The pegasus shrugged. “I will admit that being with the guard did teach me a lot of skills that helped me turn Stone Wall Securities into the success it is. Ultimately, I left because I realised that their antiquated beliefs had no place in the modern world.”

“They are still the force tasked with keeping Equestria safe.” The earth pony remarked.

“That’s only because a better alternative hasn’t presented itself yet.” Stone replied. “But enough of that, let’s show how our wing unit does an air take down.”


“And that is my operation in a nutshell.” Stone Wall said as the two rode the coach back to the head office.

“You certainly are a force to be reckoned with.” Subtle Service commented.

“I can only take that as a compliment.” The pegasus replied.

“Though I have to wonder, where are you planning on taking your operation? Forgive my frankness but what you’ve shown me today is not the signs of a company satisfied with it’s current market share.”

“What company is ever satisfied with it’s current market share?” Stone Wall asked mockingly.

“Fair point.”

“Obviously I want to grow this company and expand beyond Manehatten.” Stone Wall continued. “Ultimately my goal is for Stone Wall Securities to be lending a hoof in keeping all of Equestria safe.”

“So you eventually want to be working along side the guard to create that better alternative you talked about?” Subtle Service asked.

“Something like that.”


“So will you be staying in Manehatten much longer?” Stone Wall asked as the two stallions entered the lobby of the head office.

“I still have a few more errands to run.” Subtle Service replied. “I should be done by the end of the week.”

“Excellent. Ms Pusher!” Stone Wall called out to the receptionist. “Get Mr Service a ticket to the Royal HMS Amore Variety Show and the private pre-show function.”

“Of course, Sir.” Ms Pusher replied.

“That’s very kind.” Subtle Service said with a humble bow of the head.

“My pleasure entirely.” Stone Wall replied. “You have proven yourself a bold stallion, and I believe fortune should always favour the bold.”

After brief farewell, Stone Wall left to take care of some other business matters. Subtle Service waited until he was before approaching the receptionist.

“So who do I make the ticket out to?” Ms Pusher asked.

“Subtle Service is fine.” The stallion replied. “Listen, I forgot to ask Stone Wall. Has he got any open slots in the next few days? I want to book an appointment for one of my clients.”

“I’ll check.” Ms Pusher opened the planner. While she scanned through it, Subtle saw what he needed to:

Covered Bridge 3 pm to 4:30 pm

“Sorry Sir, Mr Wall is full this entire week.”

“That’s alright. Now that I think about my client’s schedule might be quite full for the next few days as well.”


“Well, the tour was about what I expected.” Filthy said that evening as he was finally able to get out of costume. “They tried to wow me without giving too much away.
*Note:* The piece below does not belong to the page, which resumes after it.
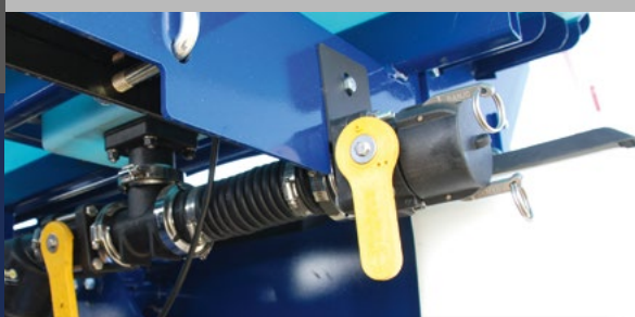
Розташований в нижній частині бака заправний блок забезпечує швидке та безпечне заправлення з рівня землі

But I was able to play a little hot or cold with them.”

“Hot or cold?” Heavy asked as he looked up from the rigging that Cheerilee had asked him to work on.
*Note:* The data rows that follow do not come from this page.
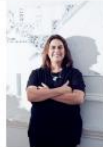
Maja Hoffmann Présidente, Fondation Luma
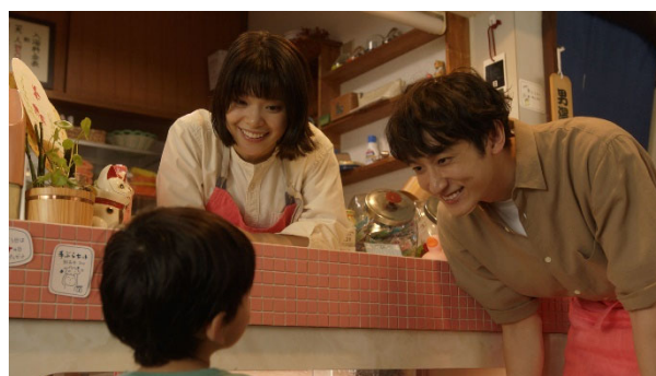
新TV-CM 「小さな常連さん」篇より
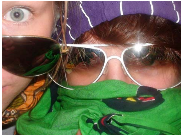
De fabelagtige hjerner

I dag er dagen hvor vi, redaktionens unge stjernestøv, tager over. Vi mener simpelthen at avisen er for useriøs, Kit, avisens redaktør, er forældet og noget nyt er nødvendigt for at skabe en succesfuld avis. Derfor vil vi i dag komme med de hårde facts fra lejren og omverden. I dag skal I lære noget! Er det ikke også derfor I er kommet her? Det er den 25ende lejr, og det er på tide at stoppe pjatteriet og
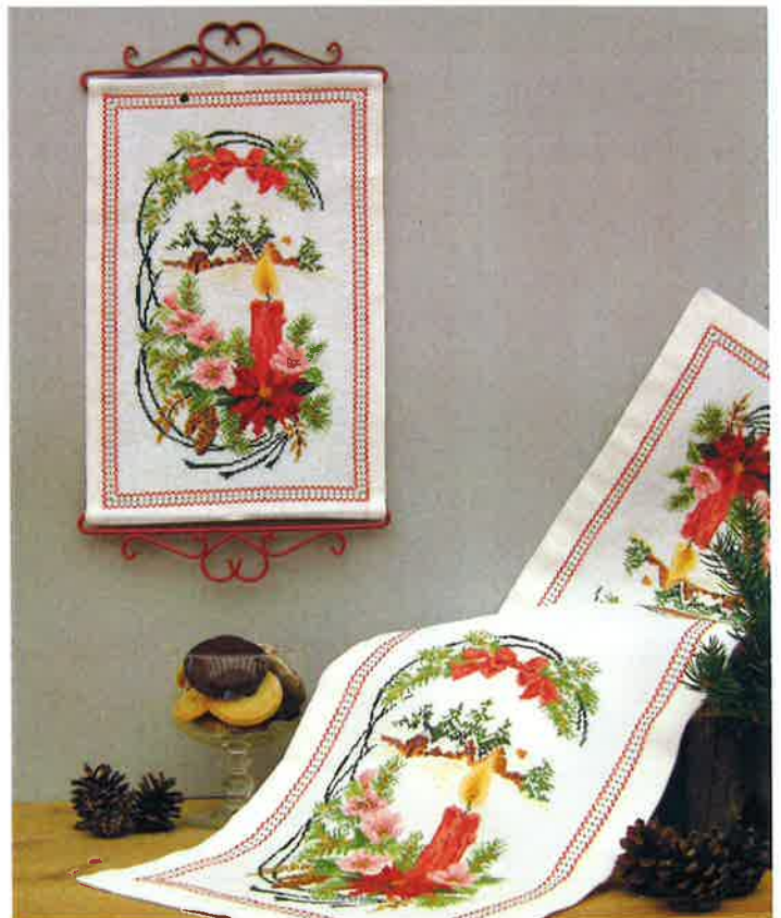
50225 (D) ca. 25 x 39 cm

“Like the children’s game.” The business stallion explained. “Basically I would occasionally try to head in a different direction and the faster they steer me away, the closer I know I am to something juicy.” He glanced over the blueprints Notary had acquired from Town Hall. He pointed to a section of the office spaces. “There may be something worthwhile but my money’s on his office, he seems too much like the type of pony who likes to keep things close.”

Notary looked at where Filthy was pointing. “Stone Wall wouldn’t store anything highly illicit in the office space but that may be where he’d keep the sensitive files. I need to get in there.”

“That may be a problem.” Cheerilee answered. “I can get into the office to but there isn’t enough time for me to get anyone else in with me. The best I can do is open the door for you from the inside.”

Notary shrugged. “Alright, front door it is.”

“Easier said than done.” Filthy countered. “I saw the receptionist in action. She won’t let anyone past without a pass, an appointment in her book or if you’re escorted by someone with a pass.”

“There’s not enough time to fake or steal a pass.” Notary surmised. “We’ll need to distract her to give me an opening.”

“Alright,” Big Mac said. “How?”

Notary paused as she gave the farmer an appraising look. “I think I have an idea.”